Eligible participants were court-referred defendants for whom suspected substance use may have played a role in alleged criminal offending. Participants completed a standardized assessment, including consent to participate in the optional study component of the evaluation. A subset of the sample was retained for the current analysis (N=287) and included only participants who were given a PCP use disorder (PUD; n=109), participants who were only diagnosed with a cannabis use disorder (CUD; n=81), and participants who received a polysubstance diagnosis for joint cannabis and alcohol abuse (AUD; n=97). Participants who received any other substance abuse diagnosis were not retained for comparison in the current analyses. No additional exclusion criteria were imposed. The final sample consisted of 287 participants with 31 (10.8%) females and 256 (89.20%) males. Participants reported an average of 11.1 (SD = 1.7) years of education and ages that ranged from 18 to 66 with an estimated mean of 30.0 (SD=8.6) years. Participants reported variable legal histories with 0 to 22 (M=6.1, SD=5.7) prior arrests. One-hundred thirty-two (46.0%) participants self-identified as Caucasian, 108 (37.6%) as African American, and 42 (14.6%) as Hispanic.

Procedure

Between the years of 2001 and 2009, 1,926 criminally accused offenders with suspected substance involvement were court ordered to complete a substance abuse evaluation in the state of Connecticut. The substance abuse evaluation policy was established under statute CGS 17a-694 to aid in treatment and diversion recommendations for defendants suspected of substance abuse or dependence during the time of their alleged offense. Participants were assigned a clinician and reported to the evaluation clinic for a single, two-hour-long meeting with a licensed clinical social worker trained in substance use assessment and treatment. Each session began by introducing the concept of non-confidentiality regarding the information shared during the session as the clinician was expected to provide a report and recommendation to the court upon the completion of the evaluation. Defendants then completed a general psychosocial interview, a detailed substance use and treatment history, as well as a toxicology screen. Participants were asked to provide information about IPV perpetration over the prior year during the relationship section of the psychosocial interview.
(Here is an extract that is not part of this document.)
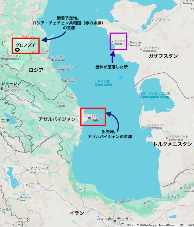 旅客機「撃墜」巡りロシア釈明 死亡機長に責任転嫁12/28(土) 中央アジア・カザフスタン西部で38人が死亡した旅客機墜落について、ロシア航空当局は27日、本来の目的地である同国南部チェチェン共和国の空港周辺が、ウクライナによるドローン攻撃で着陸が「非常に困難」な状況だったと釈明した。通信アプリ「テレグラム」で声明を出した。 声明は、航空会社があるアゼルバイジャン側が訴える「ロシア軍の防空システム誤射」には触れていない。空港周辺は濃霧が立ち込めていた上、墜落したカザフ西部への行き先変更は「機長の判断」と主張しており、責任転嫁を図る姿勢がにじみ出た。機長も副機長も死亡している。 アゼルバイジャンの航空会社は27日、「外部からの影響」が墜落の原因になったという暫定情報を発表した。 「撃墜説」を巡り、ロシアのペスコフ大統領報道官は「調査結果が出る前に仮説を立てるのは間違いだ」とコメントを避けている。不信感を示すように、アゼルバイジャンやイスラエルなどの航空会社はロシア便の運航停止を決めた。 💛ウクライナのミサイルやドローンの届くロシアにおいて民間航空機にとって安全な空域は存在しない、ことの影響は大きいかも?管制官とパイロットの交信の暴露と、なぜカスピ海の対岸で墜落?英雄のパイロット。アゼルバイジャン機事件アゼルバイジャン航空の旅客機が、カザフスタンのアクタウ市付近で墜落。少なくとも38人が死亡した。ロシアの防空システム「パーンツィリS」の地対空ミサイルによるものだとの見方が一般的になっている。機長は、GPS信号を失ったと報告した。彼は出発地点であるバクー(アゼルバジャンの首都)に戻ることを決めた。その時、午前8時16分、機長は鳥との衝突による激しい衝撃を報告した。その直後に、パイロットは機体の操縦困難と油圧システムの損傷を報告した。パイロットは隣接するロシアの2つの空港、ミネラルニエ・ヴォディ空港とマハッチカラ空港への着陸許可を何度も求めた。生存者の一人が、濃霧だったグロズヌイ上空で、飛行機は2度着陸を試みたが、三度目に何かが爆発した、という証言と一致する。その後、J2-8243便は、カスピ海を越えて、隣国カザフスタンに向かっている。パイロットはそこに進むように指示されたと考えるのが、自然である。しかし、対岸にあるアクタウ空港は、450キロも離れている。前述のロシアの2つの空港はもっと近い。ミネラルニエ・ヴォディ空港は240キロ、マハッチカラは140キロだ。アゼルバイジャンの軍事専門家で、ソ連のSu-24大型戦闘爆撃機の元パイロットのアギル・ルスタムザデ氏は、同紙に述べた。「間違っていることを望みますが、大破した飛行機をカスピ海上空に送るという命令は、証拠を隠滅するという緊急性によるものです」機体の操縦に使われていた油圧システムが急速に劣化した中で、パイロットたちは時間との戦いになった。ルスタムザデ氏は、「機体がコントロールを失うのは時間の問題でした。パイロットが人命を救うことができたのは、彼らの英雄的な行為の証しです」もし機体が海に落ちていたら、ブラックボックスの回収も機体の回収も、困難を極めただろう。パイロット二人は、本当に立派だった。悲惨なことに亡くなってしまった。乗務員は5人。機長のイゴール・クシュニャキンさん、副操縦士のアレクサンドル・カリャニノフさん、パーサーのホクマ・アリエワさんの3人は、不時着の際に死亡してしまった。しかし、不幸中の幸いで、他の2人の客室乗務員、ズルフガル・アサドフ氏とエイダン・ラヒムリ氏は生き残り、26日に病院で治療を受けている

Participants were informed that they were not required to respond to the IPV questions, that failure to respond would have no bearing on treatment recommendations, and that the data was being collected strictly for research purposes as approved by the Institutional Review Board at Yale University.

The clinicians reviewed all collateral information, including police reports, medical and psychiatric records, observations from jail staff, and telephone interviews with family members and close friends. Following the evaluation, clinicians provided a recommendation report to the court and summarized demographic, substance use, legal, and violence data into the spreadsheet that was used in the current study.

Measures

Substance use

PCP, alcohol, and cannabis use disorders were diagnosed as informed by participant self-report during the clinical interview. The interview included 22 items drawn from the substance abuse history section of the Addiction Severity Index (ASI-5).18 Participants were diagnosed according to criteria outlined in the Diagnostic and Statistical Manual of Mental Disorders.1 Diagnoses were further supported by corroborating reports from collateral informants, treatment records, and toxicology screens at the time of the evaluation, when possible. Disorders of abuse and dependence were aggregated together for each dichotomized substance use variable to categorize participants who either had or had not been diagnosed with a specific substance use disorder.

Legal

The assigned clinician was responsible for gathering data related to each participant’s legal status. Specifically, they collected data pertaining to the total number of prior arrests, the longest period of incarceration, the current charges (i.e. type and number of alleged offenses), and additional information comprising the 27 items of the ASI’s legal history section. Clinicians gathered the specified data from multiple sources, including the participant’s self-report, the current affidavit of probable cause, and the publicly accessible legal database for the state of Connecticut (http://jud.ct.gov). The clinician also provided a treatment referral that was coded as either outpatient or inpatient, with an inpatient referral indicating that the counselor believed the participant’s substance abuse problem required intensive treatment to remedy.

Violence

IPV was assessed using a global physical violence inquiry and follow up questions about IPV perpetration drawn from the 12-item physical assault subscale of the conflict tactics scale (CTS2) for any positive response to the global screening question.19 Participants were categorized by the evaluating clinician as partner violent if they reported one or more physically violent acts directed at an intimate partner over the previous 12-month period. The perpetration of general violent behavior over the previous year was assessed in a similar, open ended fashion.

Overview of Analyses

We conducted group comparisons between PUD participants and the two comparison groups using chi square analyses for nominal and categorical variables (i.e., gender, ethnicity, current violent or drug use charges, treatment referral, prior year violent behavior, and prior year IPV) and t-tests for continuous variables (i.e., age, number of previous arrests, longest incarceration, and number of current charges). Results are presented in the Table.

Table.

Demographic, legal, and violence data for participants across substance abuse groups.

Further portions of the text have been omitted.